Introduction
You have a fine-tuned 70B model. It works. Now you need to serve it to users: fast, reliably, and without burning money on GPU hours. This is where most teams hit a wall: naive inference with HuggingFace Transformers wastes 60–80% of GPU memory, handles one request at a time, and leaves expensive hardware sitting idle.
vLLM is an open-source inference engine from UC Berkeley that solves this. Its core innovation, PagedAttention, borrows virtual memory concepts from operating systems to manage the KV cache, achieving 14–24x higher throughput than HuggingFace Transformers. I use it to serve models on an NVIDIA RTX Pro 6000 Blackwell (96GB VRAM) and it's become the standard for serious LLM deployment.

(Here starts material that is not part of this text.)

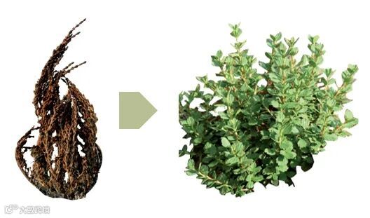 密罗木生长于南非高海拔类沙漠地带,是300多种复活植物中唯一的一种木本植物,昵称“南非凤凰草”,能忍受长期干旱,滴水复活。
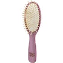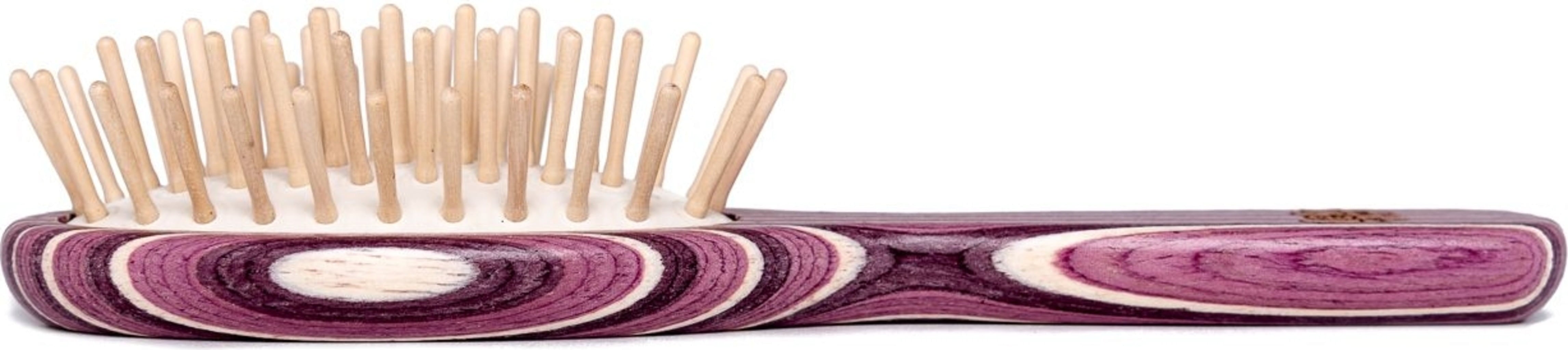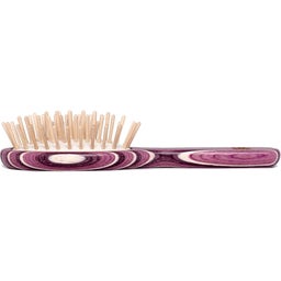 Diese kleine, ovale Bürste besitzt kurze Stifte, die für alle Haartypen geeignet sind. Sie besteht aus Eschenholz, das mit Leinöl sowie Carnaubawachs eingelassen wurde. Die Stifte wurden aus Hainbuche gefertigt und stecken in einem Luftkissen aus Naturkautschuk. Damit werden die Haare optimal sowie angenehm gekämmt, ohne sie elektrostatisch aufzuladen.

The Problem: GPU Memory Waste
During autoregressive generation, every token's attention keys and values (the KV cache) must live in GPU memory. For a 13B model, each token needs ~800KB of KV cache. With a 2048-token max sequence, that's up to 1.6GB per request.
Traditional systems pre-allocate a contiguous block of GPU memory for each request, sized for the maximum possible sequence length. If a user sends a short prompt and gets a short reply, most of that block goes unused. Across many concurrent requests, this creates three forms of waste:
- Internal fragmentation: unused slots within each allocated block
- Reservation waste: entire blocks held for sequences that never grow
- External fragmentation: gaps between blocks that can't be reused
The result: existing systems waste 60–80% of KV cache memory. Fewer concurrent requests fit in memory, batch sizes stay small, and GPU compute sits idle.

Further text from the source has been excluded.